━━━ Information given

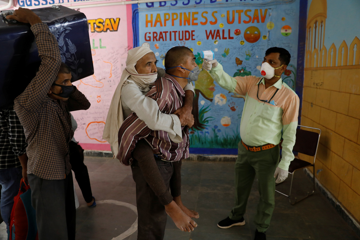 A migrant worker carrying his father on his back has his temperature checked before getting themselves registered for a train to their home state of Uttar Pradesh, during an extended lockdown to slow the spreading of the coronavirus disease (COVID-19), in New Delhi, India, May 26, 2020. REUTERS/Adnan Abidi
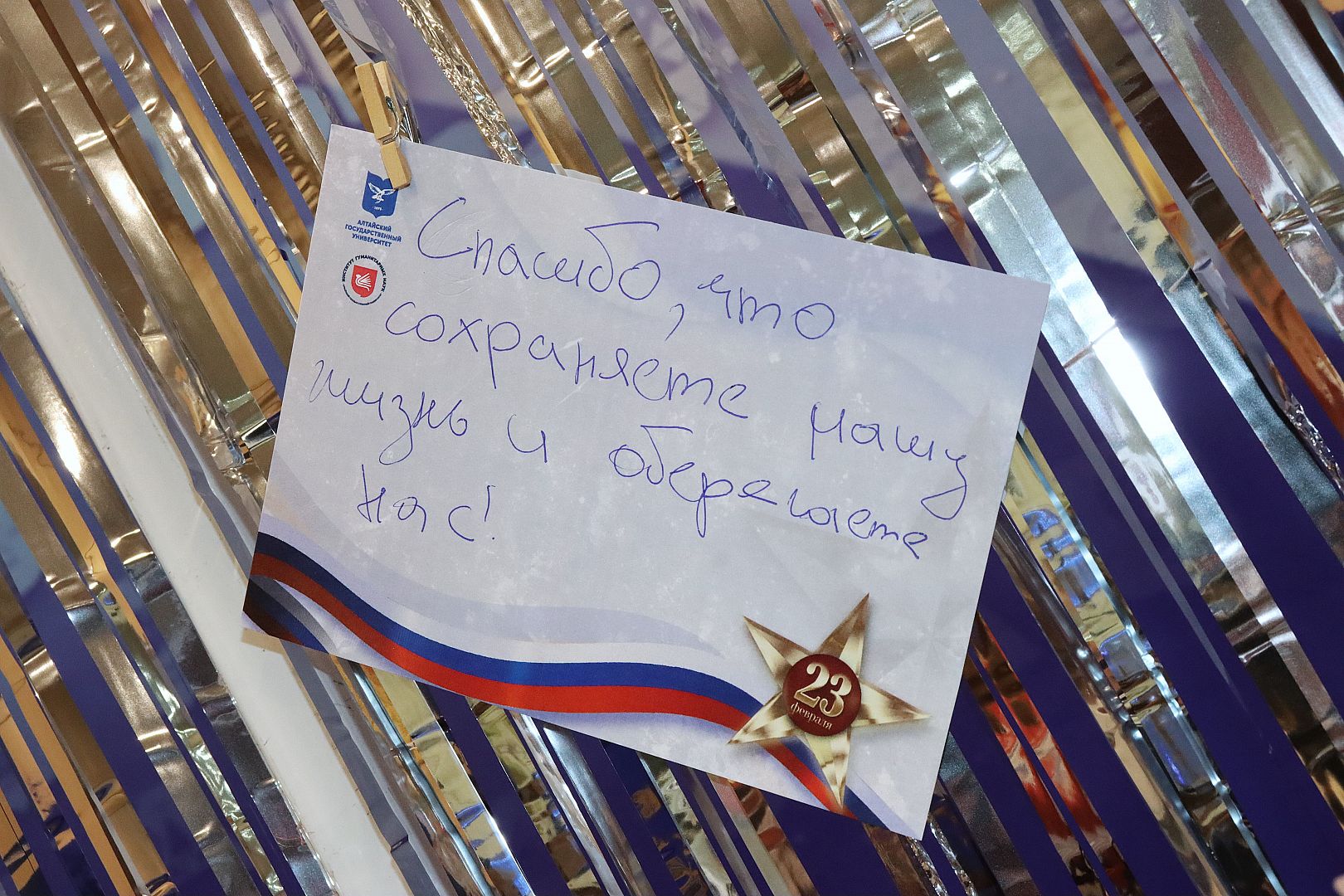 Задачей еще одной станции было написать письмо солдату и небольшую открытку с поздравлением на День защитника Отечества. Здесь же была развернута полевая кухня, где угощали вкусной гречкой с мясом и горячим чаем, и установлена праздничная фотозона.
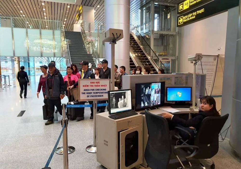 Người Trung Quốc qua máy quét nhiệt tại sân bay Đà Nẵng: Ảnh: HẢI HIẾU
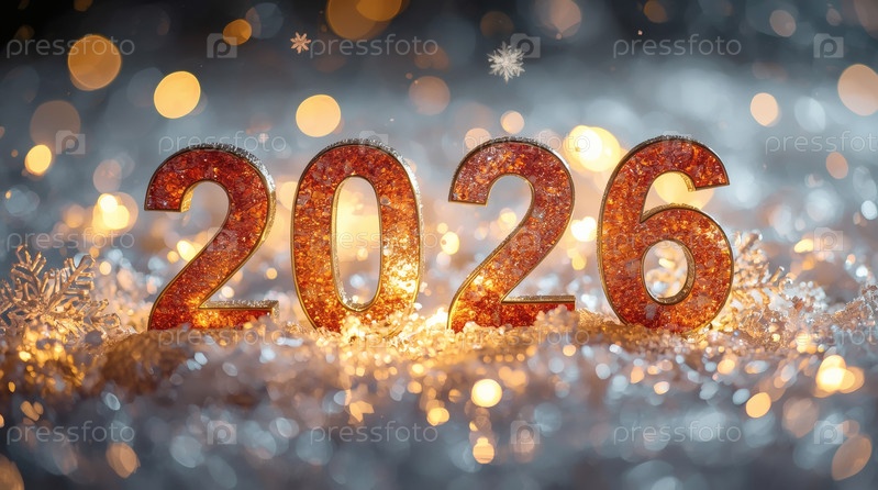 Баннер. блестящие золотые номера 2026 года и красивый боке на красном фоне. с Новым годом и Рождеством
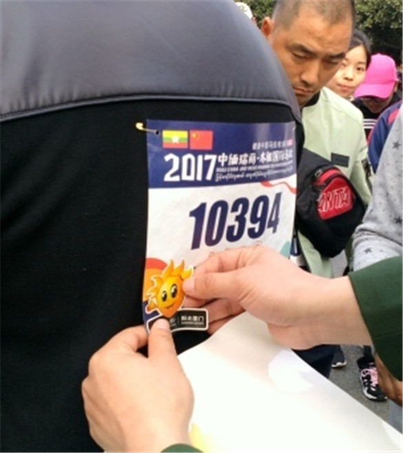 跑步出国将会是怎样一种体验?在缅甸段进行试跑时,运动员们提前感受到了出境跑的魅力。从姐告出入境通道出境,进入到缅甸赛段,中国瑞丽边防检查站的官兵今天一早就开始对试跑员进行出境检录。检验完毕后,在号码布上标注暖暖的小太阳,运动员们排练成整齐的队伍等待出境。
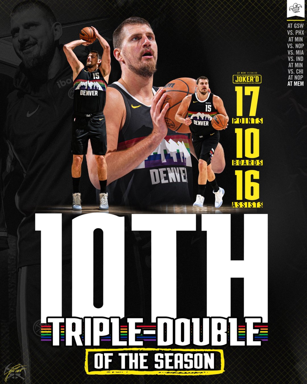 本赛季至今的17场比赛中,他场均得到29.6分、12.8个篮板和11.1次助攻,在后两项数据上领跑全联盟。他的两分球命中率达到70%,三分球命中率为43%,并且在一半以上的比赛中获得三双,同时带领战绩13胜4负的掘金队在竞争激烈的西部联盟中位居前列。
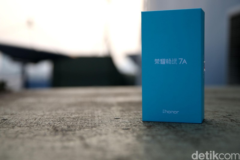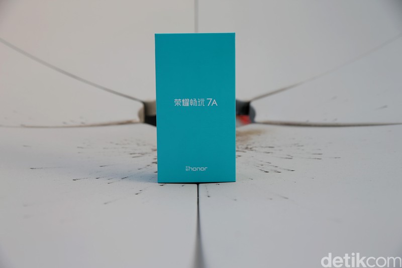 Ini kemasan Honor 7A. Seperti halnya kebanyakan kemasan ponsel Honor lainnya, warna biru muda jadi pilihan. Foto: Muhammad Ridho

━━━━━━

● Aim of the exercise:
Would you restate, word for word, the lines from the one holding "Người Trung Quốc" through the end of the material above? Omit the pictures.

● Final answer:
 Người Trung Quốc qua máy quét nhiệt tại sân bay Đà Nẵng: Ảnh: HẢI HIẾU
 Баннер. блестящие золотые номера 2026 года и красивый боке на красном фоне. с Новым годом и Рождеством
 跑步出国将会是怎样一种体验?在缅甸段进行试跑时,运动员们提前感受到了出境跑的魅力。从姐告出入境通道出境,进入到缅甸赛段,中国瑞丽边防检查站的官兵今天一早就开始对试跑员进行出境检录。检验完毕后,在号码布上标注暖暖的小太阳,运动员们排练成整齐的队伍等待出境。
 本赛季至今的17场比赛中,他场均得到29.6分、12.8个篮板和11.1次助攻,在后两项数据上领跑全联盟。他的两分球命中率达到70%,三分球命中率为43%,并且在一半以上的比赛中获得三双,同时带领战绩13胜4负的掘金队在竞争激烈的西部联盟中位居前列。
 Ini kemasan Honor 7A. Seperti halnya kebanyakan kemasan ponsel Honor lainnya, warna biru muda jadi pilihan. Foto: Muhammad Ridho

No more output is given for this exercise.